• _Data excerpt_
++++

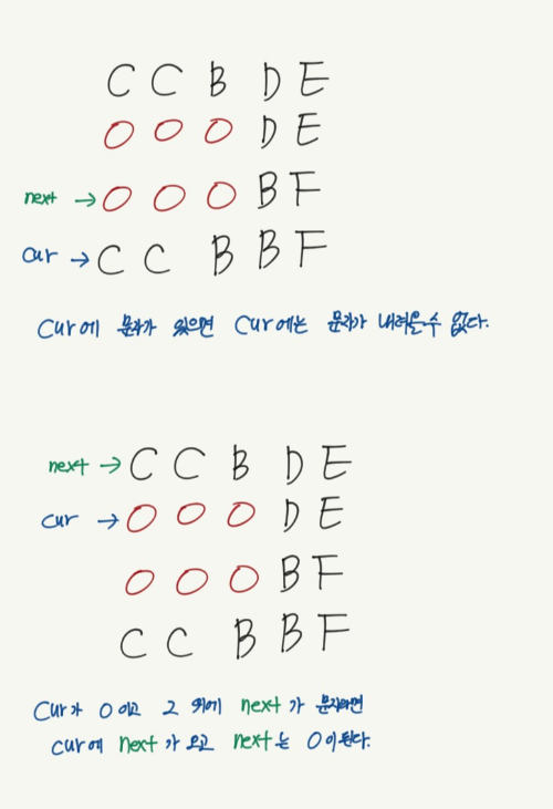 아래에서 위로 탐색하면서 현재 위치에 문자가 떨어져야되는지를 확인해야한다.
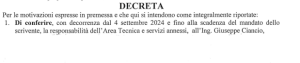 Qui sotto, c’è la determina di nomina a responsabile di Ciancio dopo appena… un giorno dall’assunzione. Una carriera fulminante ancora più che… fulminea…
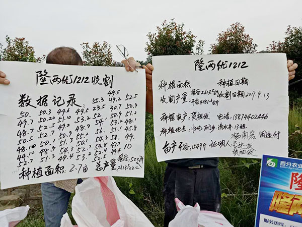 田的面積不大,但收割的產(chǎn)量卻并不少,2.7畝田,收獲了52袋谷子5227斤,折算每畝收獲1936斤濕谷,扣除20%的水分,干谷產(chǎn)量高達(dá)1549斤/畝田。當(dāng)問(wèn)及種植戶(hù)賀祖發(fā)對(duì)隆王稻——隆兩優(yōu)1212這個(gè)品種是否滿(mǎn)意時(shí),他回答到:“種隆王稻,我不后悔”。

++++

• _Exercise brief_
Give the listing again exactly, excluding pictures.

• _Expected answer_
 아래에서 위로 탐색하면서 현재 위치에 문자가 떨어져야되는지를 확인해야한다.
 Qui sotto, c’è la determina di nomina a responsabile di Ciancio dopo appena… un giorno dall’assunzione. Una carriera fulminante ancora più che… fulminea…
 田的面積不大,但收割的產(chǎn)量卻并不少,2.7畝田,收獲了52袋谷子5227斤,折算每畝收獲1936斤濕谷,扣除20%的水分,干谷產(chǎn)量高達(dá)1549斤/畝田。當(dāng)問(wèn)及種植戶(hù)賀祖發(fā)對(duì)隆王稻——隆兩優(yōu)1212這個(gè)品種是否滿(mǎn)意時(shí),他回答到:“種隆王稻,我不后悔”。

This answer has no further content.